My code is based on the previous work of other people (please see references at the end of the article), particularly on the CodeProject article by Joerg Lang [9].

Background

From a user perspective, the software provides the possibility to upload image file (currently jpg and png formats are supported by viewer) from any machine or device via appropriate Web page to Windows Azure Blob Storage, and then using another Web page, to view the image, mark specific areas (currently rectangular ones only) out on the image, write descriptions (annotation, remarks) about the marked areas and save the areas along with their descriptions.
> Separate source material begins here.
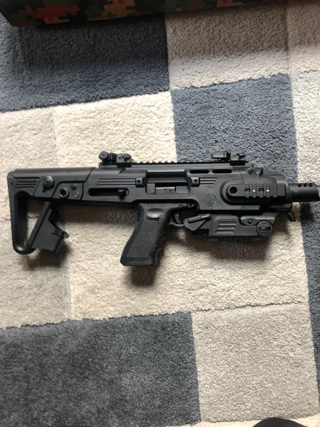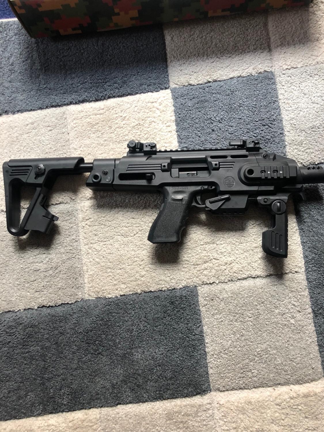 Fitted a maple leaf crazy jet barrel with a decepticon bucking and a hadron H arm. Has a Glock extended mag with it.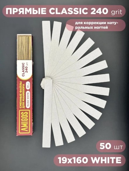 Одноразовые прямые сменные файлы для металлической основы AMIGOS. Абразивность 240 грит применяется для коррекции натуральных ногтей. Изготовлены из высококачественного абразива (карбид кремния), устойчивого к быстрому истиранию и имеющему минимальную осыпаемость в момент использования. Прочный клеевой слой отлично держит файл на основе, но при этом, легко отделяется после применения, не оставляя следов клея на поверхности.

It seems logical that file upload should be carried out from a simple HTML page readable by any browser. This allows the user to upload image from virtually any computer and mobile device. WCF RESTful service ImagingSvc acts as a counterpart on the server (Azure cloud) side. This service is responsible for providing HTML page for upload the image to Azure. For image viewing, MultiScaleImage control of Microsoft Silverlight is employed. So the viewing browser should support Silverlight. Currently most of the browsers do meet this requirement (except probably browser of mobile devices). MultiScaleImage control is based on the Deep Zoom (DZ) technology [1-6]. Wikipedia describes DZ as following [1]:

Deep Zoom is an implementation of the open source technology, provided by Microsoft, for use in for image viewing applications. It allows users to pan around and zoom in a large, high resolution image or a large collection of images. It reduces the time required for initial load by downloading only the region being viewed and/or only at the resolution it is displayed at. Subsequent regions are downloaded as the user pans to (or zooms into them); animations are used to hide any jerkiness in the transition.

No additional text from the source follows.